WHAT IS NEEDED
Go to the line below that has "KIT REPUESTO L340", print it and each line after it exactly, and stop after the line that has "Wózek widłowy ręczny"; leave out pictures.

Source records
# # #

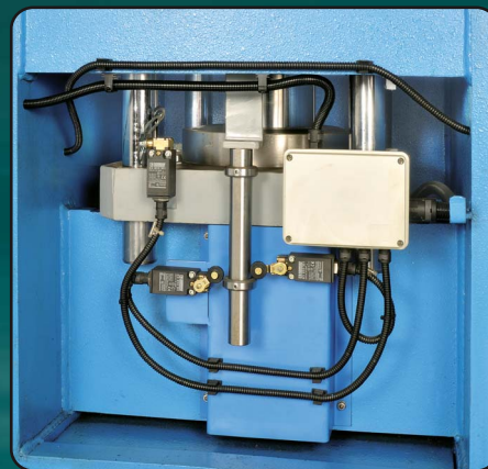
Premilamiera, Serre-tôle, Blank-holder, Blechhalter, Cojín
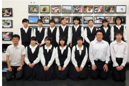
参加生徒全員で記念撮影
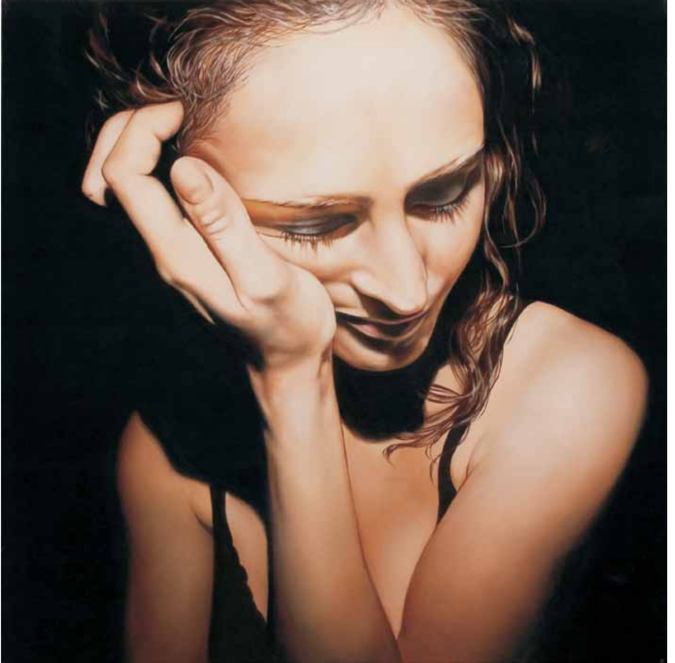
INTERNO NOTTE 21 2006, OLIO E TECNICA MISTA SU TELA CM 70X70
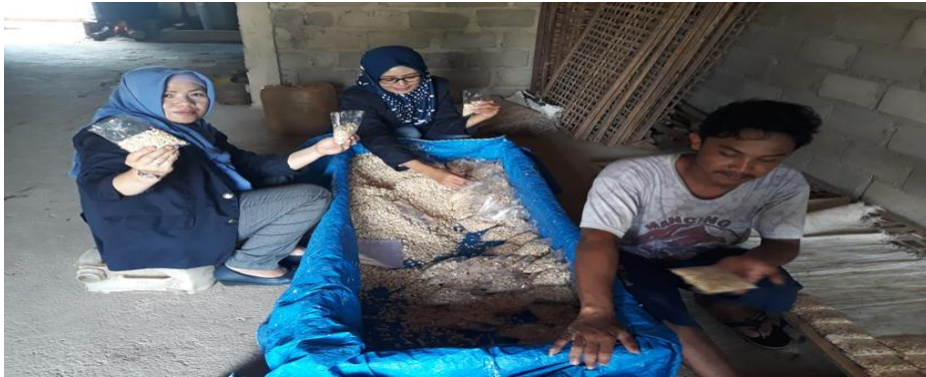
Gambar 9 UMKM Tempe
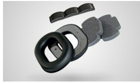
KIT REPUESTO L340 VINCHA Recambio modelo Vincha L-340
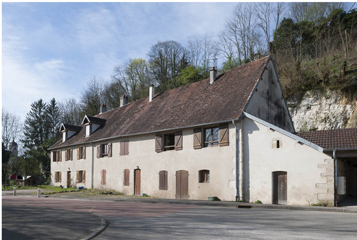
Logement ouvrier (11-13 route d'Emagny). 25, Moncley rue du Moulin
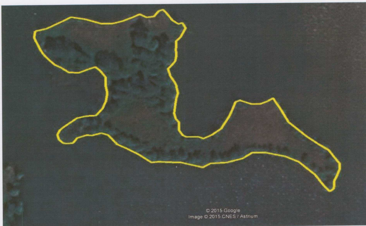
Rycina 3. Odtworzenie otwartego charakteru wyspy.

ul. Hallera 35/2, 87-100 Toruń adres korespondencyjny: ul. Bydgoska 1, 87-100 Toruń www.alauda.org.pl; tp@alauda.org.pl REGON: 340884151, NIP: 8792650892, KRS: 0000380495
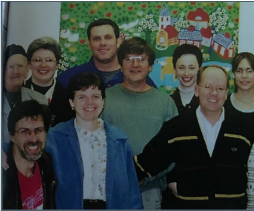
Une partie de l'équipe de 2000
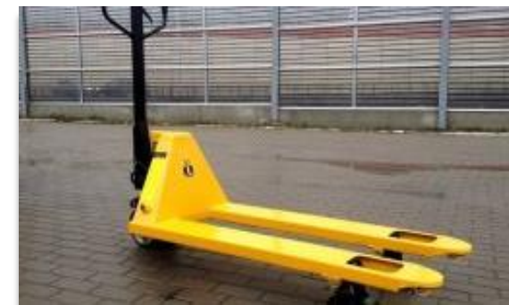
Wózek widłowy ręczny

# # #

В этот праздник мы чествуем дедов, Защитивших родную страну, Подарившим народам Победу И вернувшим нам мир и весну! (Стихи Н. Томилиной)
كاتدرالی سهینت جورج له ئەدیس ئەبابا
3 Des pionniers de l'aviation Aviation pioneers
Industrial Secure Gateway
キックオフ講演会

# # #

ANSWER TO THIS EXERCISE
KIT REPUESTO L340 VINCHA Recambio modelo Vincha L-340
Logement ouvrier (11-13 route d'Emagny). 25, Moncley rue du Moulin
Rycina 3. Odtworzenie otwartego charakteru wyspy.

ul. Hallera 35/2, 87-100 Toruń adres korespondencyjny: ul. Bydgoska 1, 87-100 Toruń www.alauda.org.pl; tp@alauda.org.pl REGON: 340884151, NIP: 8792650892, KRS: 0000380495
Une partie de l'équipe de 2000
Wózek widłowy ręczny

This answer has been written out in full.